Мейер Эммерик (1894 г. р.) был еврейским огранщиком алмазов, работавшим в Амстердаме в ювелирном бизнесе. У него и его жены Фогельтье (Фиетье) Вормс была одна дочь, Лена Эммерик (1918 г. р.), которая была замужем за Сэмом Фогелем, также огранщиком алмазов. В 1940 году в семье Лены и Сэма родились мальчики-близнецы, Макс и Лотье. В детстве Лотье болел туберкулезом, и ему требовалась специальная медицинская помощь. Сохранившийся дневник представлял собой пачку разрозненных страниц под названием Mijn be levenissen («Мои переживания»), он был начат в сентябре 1943 года после приезда Мейера Эммерика в южную провинцию Лимбург, где представителями католической церкви из числа членов Движения сопротивления ему было организовано укрытие в районе между населенными пунктами Хелден и Беринге. До этого Мейер Эммерик тоже вел дневник, однако был вынужден бросить его в Амстердаме во время бегства из столицы, поэтому в первой части сохранившегося документа вкратце рассказано о том, что было записано в утраченном дневнике.

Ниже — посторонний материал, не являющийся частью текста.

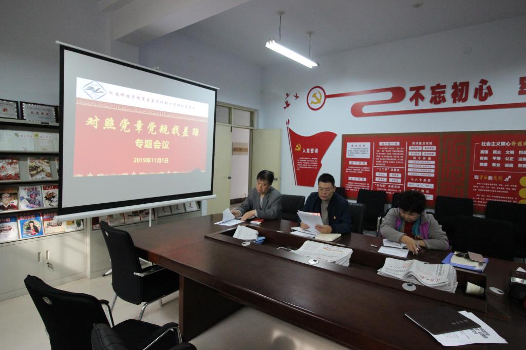 按照学校《“不忘初心、牢记使命”主题教育中对照党章、党规找差距的工作方案》的通知要求,离退处处级领导班子11月1日上午10点在一楼党员活动室召开“对照党章党规找差距”专题会议。会议由总支书记马新岭主持。

Инге Янсен[12] (1904 г. р.) являлась членом Национал-социалистического движения, супругой члена Национал-социалистического движения Адриана Янсена[13], врача-фтизиатра. Адриан стремился стать частью медицинского истеблишмента немецкого оккупационного режима, а Инге занималась социальной деятельностью, чтобы поддержать его карьерные устремления. Адриан какое-то время работал чиновником департамента общественного здравоохранения в Министерстве социальных дел оккупационного режима. Инге начиная с 1941 года вела записи в своем дневнике, единственном в архиве блокноте в твердом переплете с замком и ключиком. Она писала достаточно редко и спорадически, и ее записи были весьма краткими. Дневник включал в основном описания общественных мероприятий, однако представлял интерес с учетом того, что среди контактов Инге Янсен были многие высокопоставленные офицеры СС оккупационных властей и руководители Национал-социалистического движения.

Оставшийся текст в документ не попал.